___ Extracted records

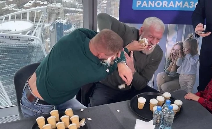 Между Александром Емельяненко и Святославом Коваленко прошла дуэль по поеданию мороженного. Однако все закончилось тем, что Емельяненко ткнул мороженным в лицо Коваленко, и тот ответил.
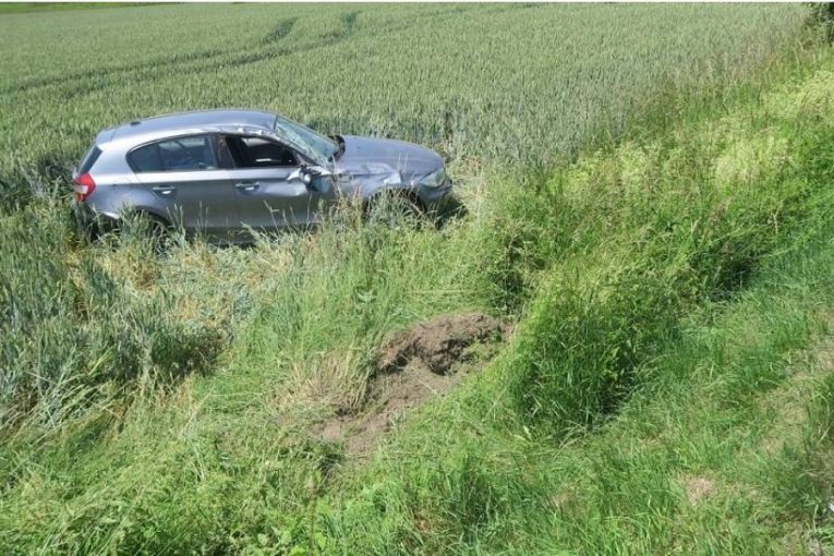 Řidič BMW brzdil kvůli cyklistovi, vyletěl ze silnice a skončil v poli
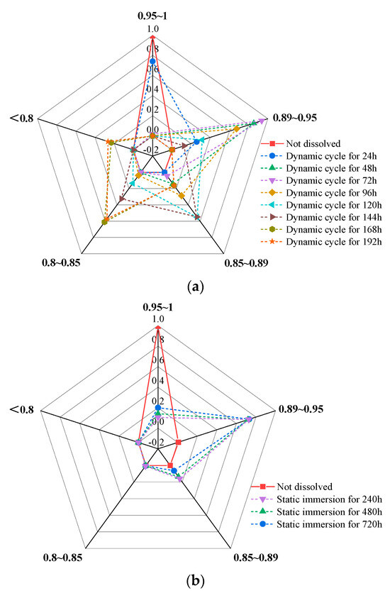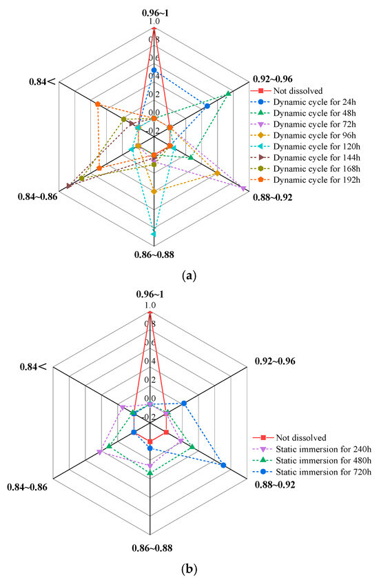 In the radar chart (Figure 12a), a finer distribution indicates a more concentrated pattern. As cyclic dissolution time increases, the hardness ratio decreases, and the distribution range gradually expands, reflecting an enlargement of the affected area. Critical turning points occur at 72 h, 120 h, and 168 h of cyclic dissolution, where hardness ratios exhibit relatively concentrated distributions. At 72 h, hardness ratios primarily range from 0.89 to 0.95. By 120 h, the main distribution shifts to 0.85–0.9. At 168 h, hardness ratios are no longer concentrated in a single range but are nearly evenly distributed between 0.8–0.85 and below 0.8. Combined with contour map analysis, the upper-right corner of the rock slab is identified as the region with the lowest dynamic dissolution intensity and the most vulnerable to potential damage.
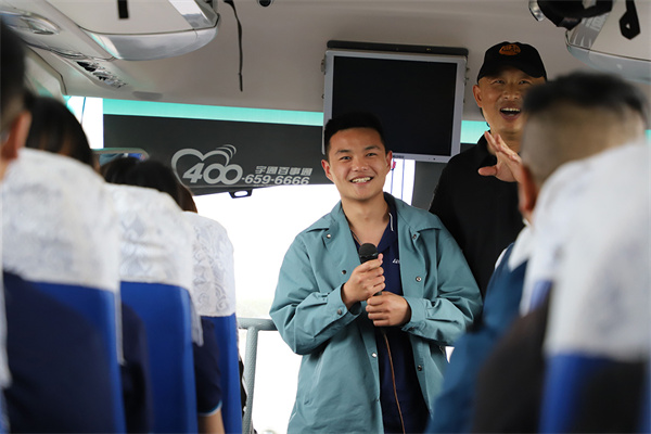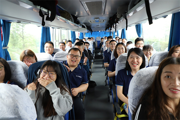 5月15日七點(diǎn)半,營銷系統(tǒng)全體成員正式出發(fā),踏上了一場充滿未知和挑戰(zhàn)的旅途。小伙伴們的內(nèi)心或許有些忐忑,但車上愈發(fā)高漲的互取代號(hào)的破冰環(huán)節(jié)讓大家逐漸卸去拘謹(jǐn)?shù)耐鈿?,沉浸在輕松愉悅的氛圍中。
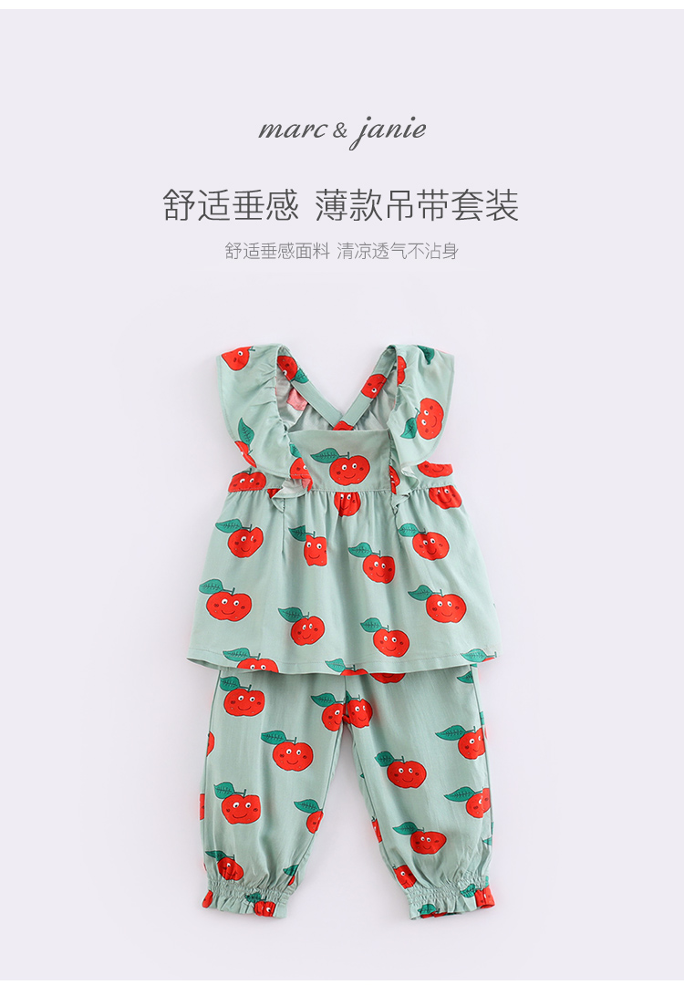 马克珍妮夏装女童薄款吊带荷叶边套装220769
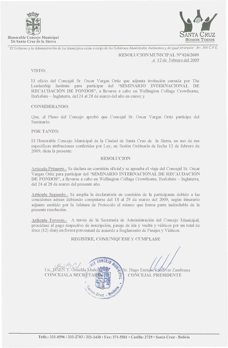 Declara en Comisión Oficial y se aprueba el viaje del Concejal Sr. Oscar Vargas Ortiz par participar del "Seminario Internacional de Recaudación de Fondos" a llevarse a cabo en Wellington Collage Crowthorne, Berkshire-Inglaterra, del 24 al 28 de marzo del presente año.
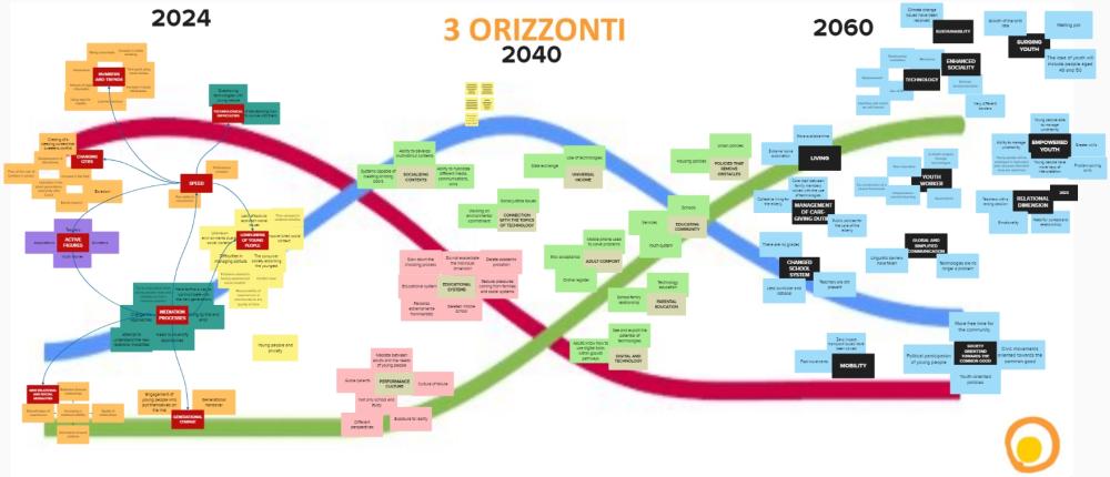 Perugia (IT) on the other hand, started by creating a vision on the interplay of the city, youth and technology, applying a ‘Three Horizons Future Lab’ method. The local team first analysed the challenges youth face in 2024 and then formulated the vision of how these challenges would have been addressed in 2060. The next step was to connect these two-time horizons by defining the development pathway towards the envisioned future expressing the needed changes for positive development over the next decade. The Lab delivered a clear structure for the transformative changes, and Perugia moved to developing the identified actions and testing them on the ground. A highlight of their work were the AI training sessions and events. The local team cooperated with young people originating from a rock festival who used digital and AI tools for the creation of videos and music. Within their AI events, more than 100 young people took part showcasing the demand for creative digital opportunities and the abilities youth gained throughout the training.
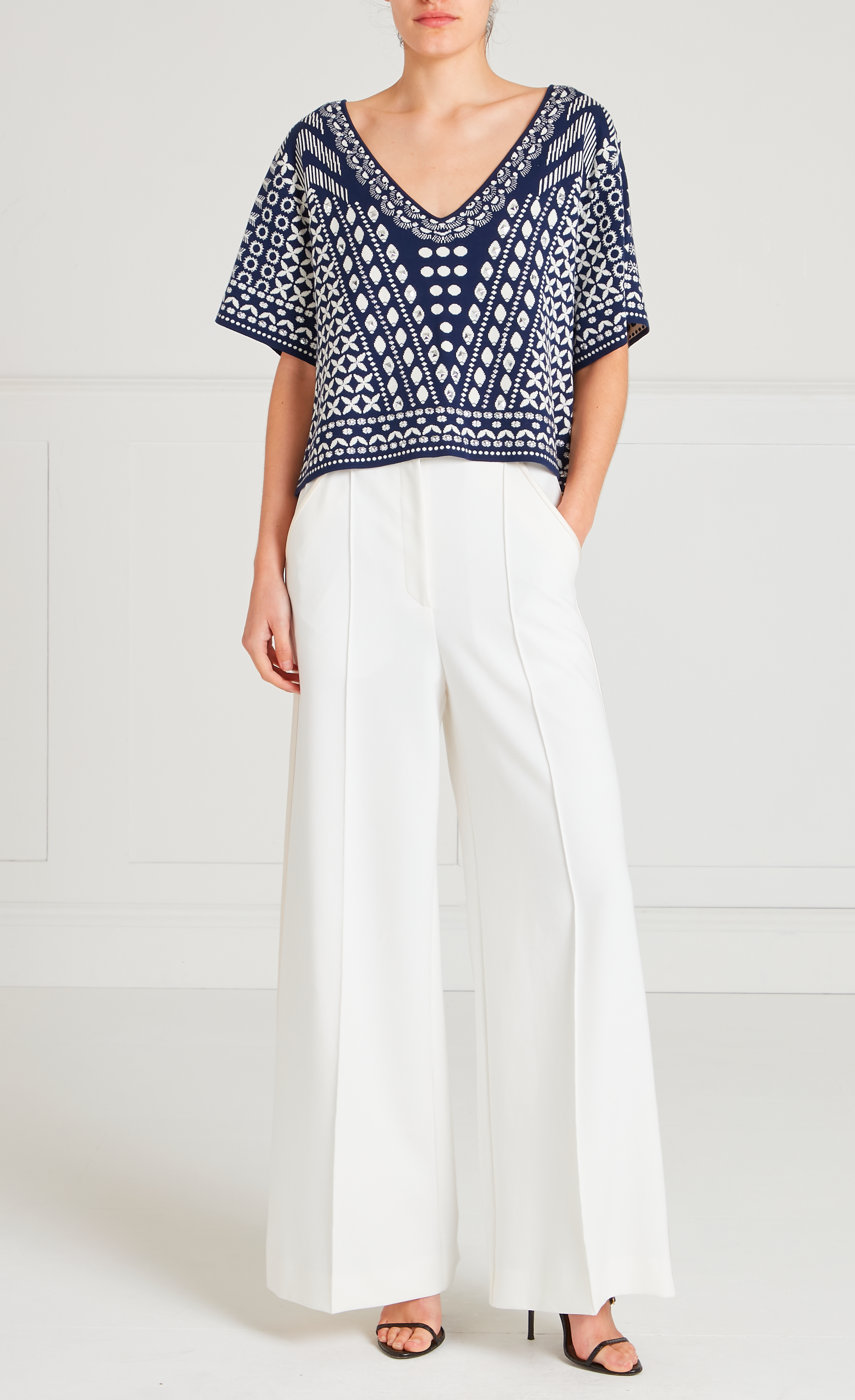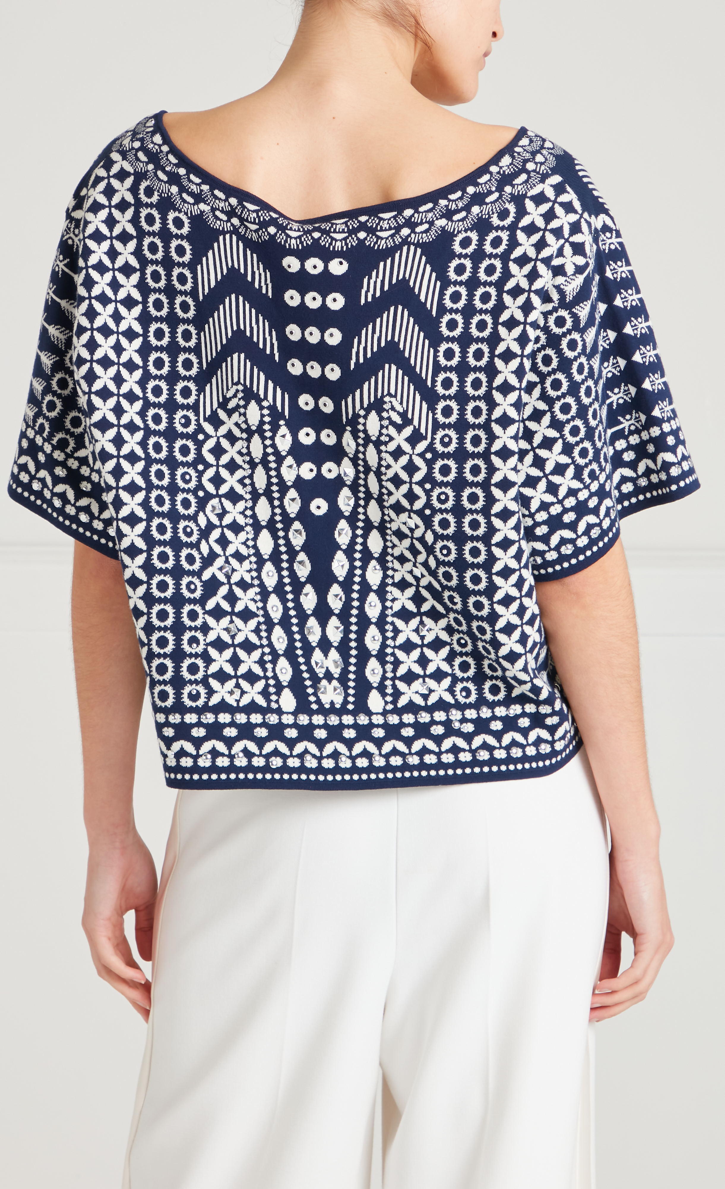 A V-neck and relaxed fit give this navy and silver cropped top a sense of movement and flair. Both casual and intricately patterned, it features... More.
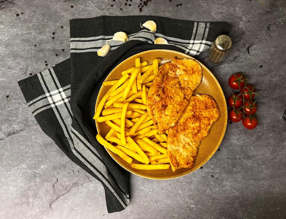 1 szelet rántott csirkemell, választható köret (hasábburgonya/rizs/friss zöldség tzatzikivel)
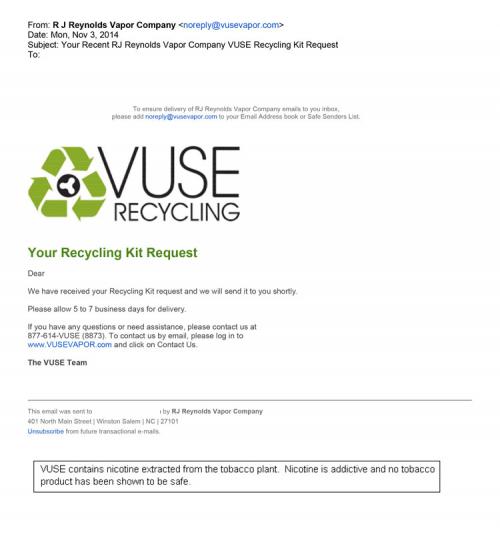 Email received from VUSE November 3, 2014 informing the user that the Vuse Recycling Kit they requested is on the way.

______

• [Work instructions]
What you return should be only the exact lines from the top of the entries through the line with "马克珍妮夏装女童薄款吊带荷叶边套装220769", minus the pictures.

• [Written answer]
 Между Александром Емельяненко и Святославом Коваленко прошла дуэль по поеданию мороженного. Однако все закончилось тем, что Емельяненко ткнул мороженным в лицо Коваленко, и тот ответил.
 Řidič BMW brzdil kvůli cyklistovi, vyletěl ze silnice a skončil v poli
 In the radar chart (Figure 12a), a finer distribution indicates a more concentrated pattern. As cyclic dissolution time increases, the hardness ratio decreases, and the distribution range gradually expands, reflecting an enlargement of the affected area. Critical turning points occur at 72 h, 120 h, and 168 h of cyclic dissolution, where hardness ratios exhibit relatively concentrated distributions. At 72 h, hardness ratios primarily range from 0.89 to 0.95. By 120 h, the main distribution shifts to 0.85–0.9. At 168 h, hardness ratios are no longer concentrated in a single range but are nearly evenly distributed between 0.8–0.85 and below 0.8. Combined with contour map analysis, the upper-right corner of the rock slab is identified as the region with the lowest dynamic dissolution intensity and the most vulnerable to potential damage.
 5月15日七點(diǎn)半,營銷系統(tǒng)全體成員正式出發(fā),踏上了一場充滿未知和挑戰(zhàn)的旅途。小伙伴們的內(nèi)心或許有些忐忑,但車上愈發(fā)高漲的互取代號(hào)的破冰環(huán)節(jié)讓大家逐漸卸去拘謹(jǐn)?shù)耐鈿?,沉浸在輕松愉悅的氛圍中。
 马克珍妮夏装女童薄款吊带荷叶边套装220769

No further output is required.